Here's an excerpt from the story, this part focusing on the quandary facing Alaska, where--as in the rest of the United States--about 20% of the population (and falling) live in rural places.
Concerns over the cost and quality of education in rural areas have long generated tension: can preserving village life be balanced with preparing students for a broader world? A court settlement in the 1970s required the state to build high schools in most villages, prompting an expensive construction boom. But by 1998, with oil revenues no longer soaring, the State Legislature decided that schools with fewer than 10 students would face severe cuts in financing. With some parents leaving villages in pursuit of better education anyway, some lawmakers said saving schools was missing the point.One particularly interesting aspect of this story for me is what rural schools and parents have done in order to try to remain open: They have advertised for students! For one school in southeast Alaska, the strategy worked. Two families moved to Tenakee Springs, population 104, after the district advertised on Craigslist for families with school-age children.
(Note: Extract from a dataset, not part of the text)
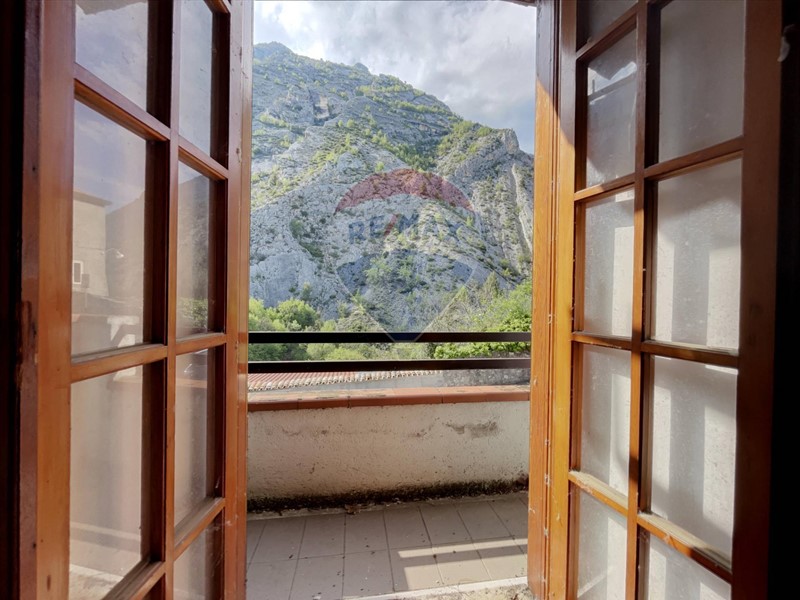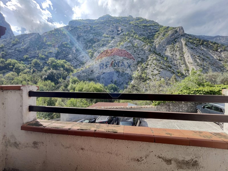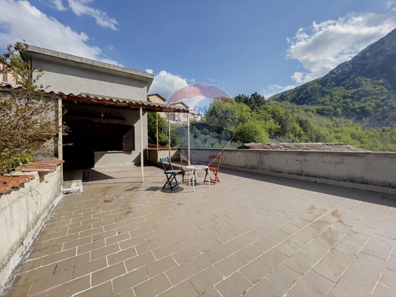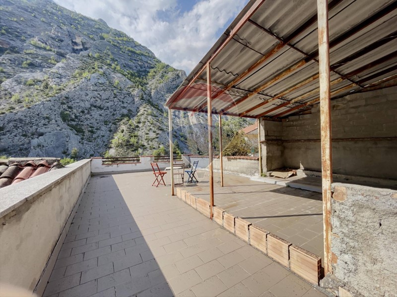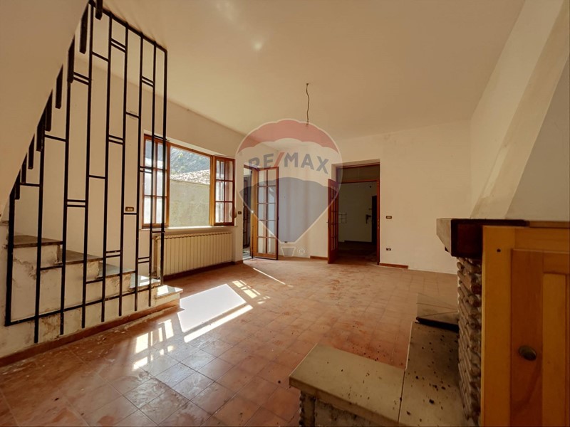 L'immobile è costituito da un fabbricato semi-indipendente "da cielo e terra", disposto su tre piani, collegati da gradinate interne, con locale garage per più auto con annessa cantina al piano terra, il piano primo ricomprende due vani collegati destinati a pranzo-soggiorno, angolo cotture con camino caratteristico; al secondo piano una camera da letto, bagno ed ampio terrazzo con affaccio su Via San Pietro e cascate delle Sorgenti.

But Tenakee Springs is only 2.9% "American Indian or Alaska Native," whereas that ethnic group make up 70% of Nikolski's population. As Yardley notes, in Alaska, rural schools are "at the heart of a broader debate ... over the treatment of native communities" which comprise the vast majority of the state's rural population.
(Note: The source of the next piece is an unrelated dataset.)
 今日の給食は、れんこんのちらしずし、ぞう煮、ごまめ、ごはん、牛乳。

The story is accompanied by some terrific audio-visual tools. A map here shows the schools most at risk of closure, and it also reflects population gain and loss for various regions. There is also a video, as well as a slide show here.
1 comment:
That the rural schools at issue here are in native American communities seems to me to complicate the normal concerns about pouring money into struggling schools that are only instructing small numbers of students. The concern (or lack therof) with shutting down another rural school seems always to be: what is lost? And here the answer seems perhaps more clear than in the typical rural community-- a culture, a language, an element of American history is being lost. This story reminded me of the factors that must typically be met in international law before a people group can lawfully exercise self-determination by secession. One factor is whether the group experiences preservation of their language and culture. The decision to shut down the school may be as easy as counting to ten, but can the loss incurred ever be undone? Or is it too late anyway?